Univ. of Minnesota withholds president finalists, papers sue

MINNESOTA ‘ A university president can be a school’s most important asset, so some schools do not want candidates known to the public until the deal is clinched. They will even sideswipe state open-meeting laws in order to conceal details of the presidential search.

In the case of the search for the next president of the University of Minnesota, local media organizations have filed a lawsuit to force the school to release the names of the candidates who were considered for the presidency and to comply in the future with open-meetings law.

In November the university’s board of regents voted unanimously to suspend its adherence to the state open-meetings law after a presidential search committee had submitted a list of five to seven candidates for its consideration.

Robert Bruininks was subsequently announced as the university’s next president on Nov. 7 after being identified as the only finalist for the job. The board argued that state law only orders that the names of finalists be made public, and the other candidates were never considered as such.
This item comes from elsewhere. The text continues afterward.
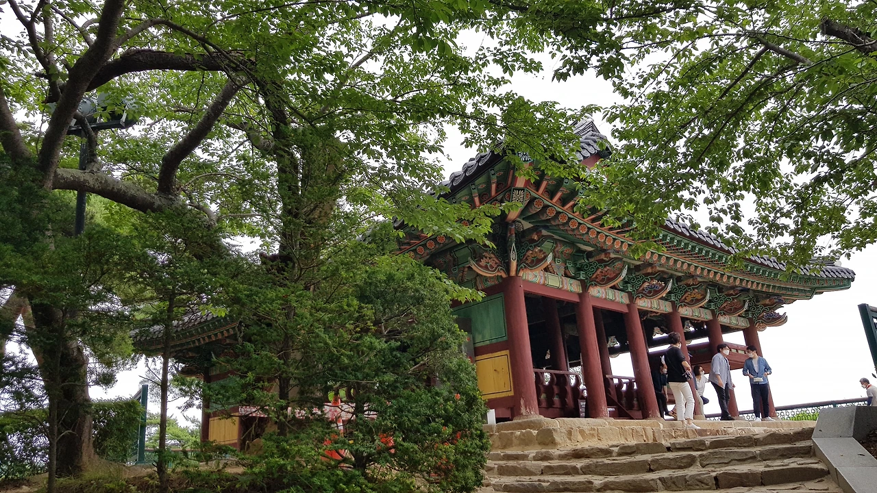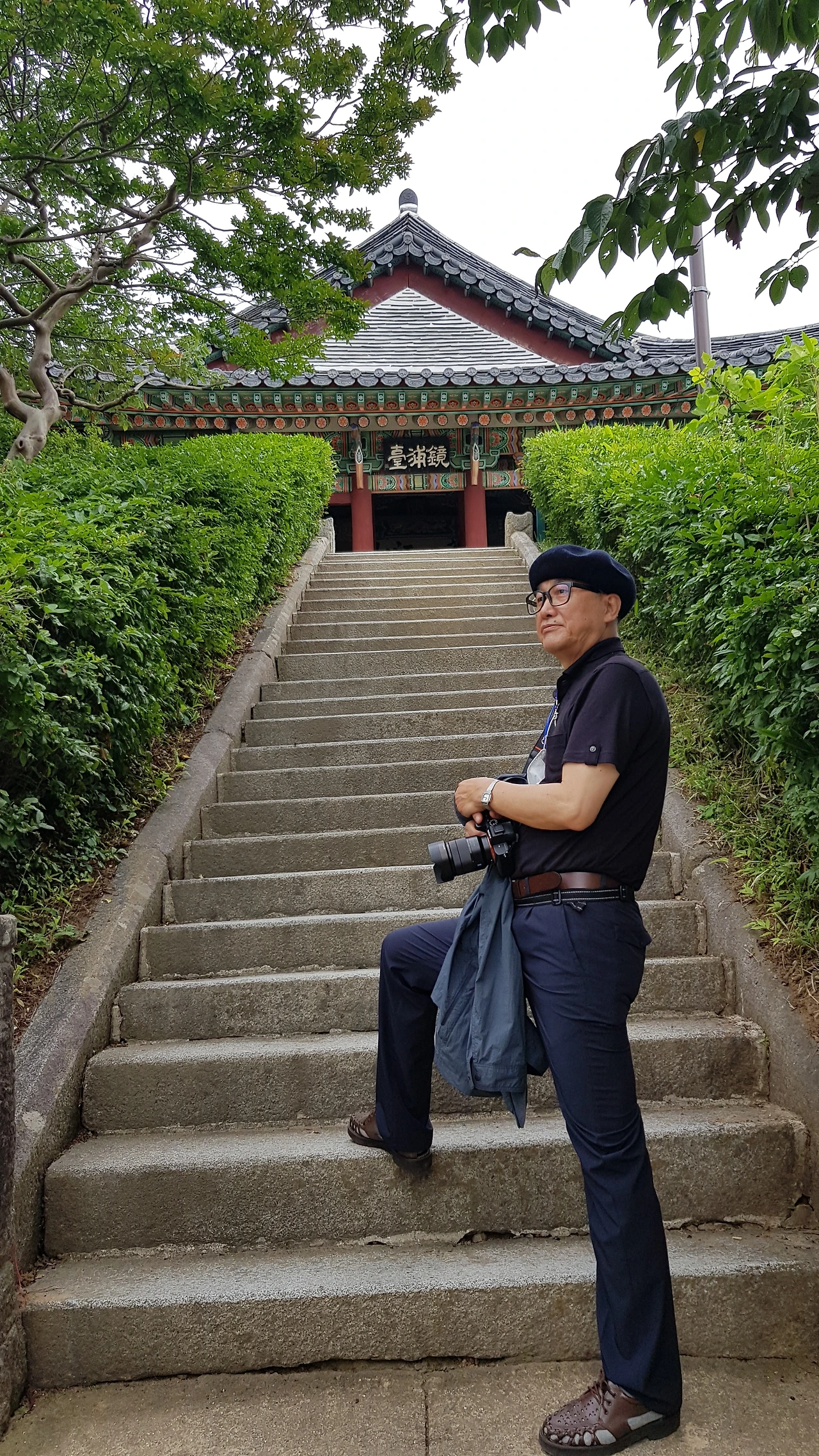 소나무에 감탄하며 오르는 길을 돌아 경포대 앞 계단 앞에 서서 옛 추억을 회상해 본다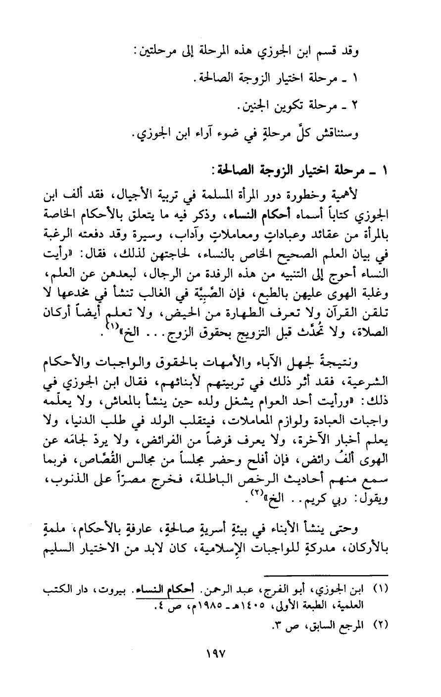 (¬1) ابن الجوزي، أبو الفرج، عبد الرحمن. أحكام النساء. بيروت، دار الكب العلمية، الطبعة الأولى، 1405 هـ - 1985 م، ص 4.

In their lawsuit, The St. Paul Pioneer Press, the Minneapolis Star Tribune, the Rochester Post Bulletin, the Minnesota Joint Media Committee, and the University of Minnesota student newspaper, The Minnesota Daily, contend the names of the candidates should be released because they are legally considered finalists. Members of the press had requested the names of the presidential candidates in a letter to the board of regents on Nov. 4

The suit states the university violated the states open-meetings and open records law.

Mike Oakes, an editor for The Minnesota Daily said, ‘The university should not be able to circumvent state law especially when it comes to something as important as the next university president.’

Mark Rotenberg, council for the university, said the school is not bound to follow the state’s open-meeting law because the university is older than Minnesota, therefore its charter supersedes the state constitution and laws.